Four out of five Irish companies do not think they can meet carbon-neutral targets by the end of this decade, according to an EY report.
Irish business leaders are losing confidence in their ability to meet 2030 climate goals, according to a new EY Ireland sustainability report.
Four out of five Irish businesses, or 80pc, said they have low confidence in terms of meeting carbon-neutral targets for 2030.
With less than eight years to go until this deadline, there is now more apprehension around the issue than there was last year, when 64pc of respondents said they lacked confidence in meeting the targets. However, awareness of sustainability issues has seen a small rise compared to EY’s survey last year.
Stephen Prendiville, EY Ireland’s head of sustainability, believes the doubt has to do with the fact that Irish businesses are now looking more closely at their carbon ambitions and have gained “a deeper awareness” of the challenges that come with the transformation.

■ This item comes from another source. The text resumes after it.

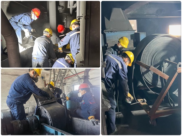 陽極分公司成型車間返回料#1斗式提升機從階段性試運行到持續(xù)生產(chǎn)已有9年之久,連接部位積料和銹蝕問題逐漸顯現(xiàn),主動輥滾筒及皮帶磨損程度也已達到更換標準。近期,結合工作實際和設備檢修計劃,車間決定對#1斗式提升機進行全面維修。 此次返回料斗式提升機維修強度高、難度大,分公司相關職能部門及車間高度重視,成立檢維修工作小組,商討制定維修方案和應急預案,隨著備品備件的逐步到廠,維修工作如期展開。維修過程中,檢修班組和生產(chǎn)班組協(xié)同配合,從拆卸固定螺栓、清理積累物料到對拆下部件進行標記分類擺放、備品備件有序更換安裝,維修人員精心操作、規(guī)范作業(yè),確保每道工序有條不紊、高效完成。特別是在手動盤車更換80米皮帶過程中,檢修人員結合現(xiàn)場實際自主設計制作適用工具,有效推進了更換進度。經(jīng)過為期5天的不懈努力,于4月12日按計劃完成維修更換工作,設備運行調(diào)試正常后將投入生產(chǎn)。 此次檢修工作,不僅徹底消缺了該設備存在的問題,也有效保證了后期車間生產(chǎn)工作的持續(xù)穩(wěn)定。今后工作中,成型車間將持續(xù)做好設備隱患排查治理,確保設備安全高效穩(wěn)定運行。 |

“Business leaders are also facing headwinds amidst the ongoing energy and inflation crisis and challenging geopolitical issues,” he said. “These factors, combined with less time to achieve the 2030 goals, mean that we are seeing lower confidence reported.”
Compliance emerged as the number-one reason for Irish businesses to ramp up sustainability measures. In EY’s survey, 28pc of respondents said they believed compliance was the biggest motivating factor, almost double the figure last year.

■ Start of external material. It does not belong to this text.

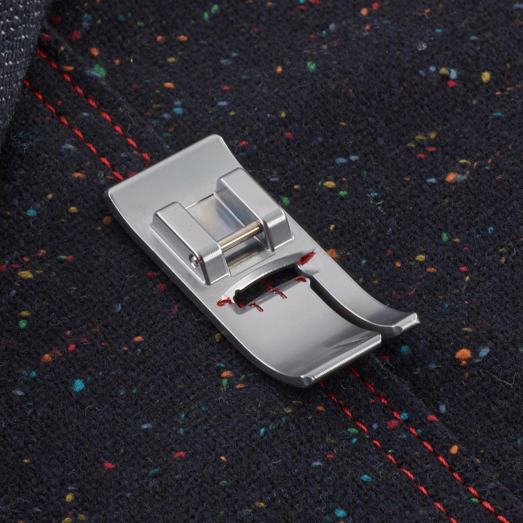 Réalisez des surpiqûres et des coutures ouvertes à bords piqués précises sur des tissus de différentes épaisseurs sur le côté droit de votre ouvrage avec le pied à double niveau droit SA103C de Brother, un ajout essentiel à votre gammeb d accessoires de machine à coudre qui vous sera également utile pour réaliser des surpiqûres en bordure lors de la courtepointe.

Meanwhile, 25pc said their businesses is stepping up sustainability efforts for the sake of the environment – up from 22pc last year.

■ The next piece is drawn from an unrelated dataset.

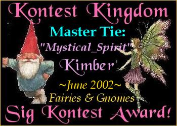 This award was presented to me by Pink and Pete at Kontest Kingdom's Fairies/Gnomes Sig Contest. Thanks again for this adorable award.

Prendiville is not surprised that policies and compliance are taking precedence over environmental concern for some companies.
Because the regulatory landscape has been “evolving quickly” with a “lot of implications being discussed”, he thinks it is only natural for companies to be worried about compliance – with many possibly waiting for the introduction of regulations before deciding their sustainability plans.
“What is interesting is that no one surveyed sees ‘the ability to grow profit’ as a key factor in their sustainability efforts. It’s imperative that businesses don’t rely on regulation alone and seek to understand more clearly the long-term business value of sustainability and net-zero strategies,” he said.
One of the positives of this compliance-focused approach, according to the report, is that 62pc of respondents said there has been a significant increase in sustainability-related activity in their businesses in the last year, particularly in the adoption of science-based targets.
Last year, more than 60 companies in different industries across Ireland pledged to set science-based carbon emission reduction targets in the coming years and report on their progress.
According to EY, Irish businesses are becoming less concerned that they are not doing enough from a sustainability perspective. Just 16pc of respondents said they are concerned that their company is not doing enough, down from 25pc last year.
“The biggest concern in the results is the predominant sense among Irish businesses that they are doing enough when it comes to sustainability,” said Prendiville. “Simply put, we need to do more.”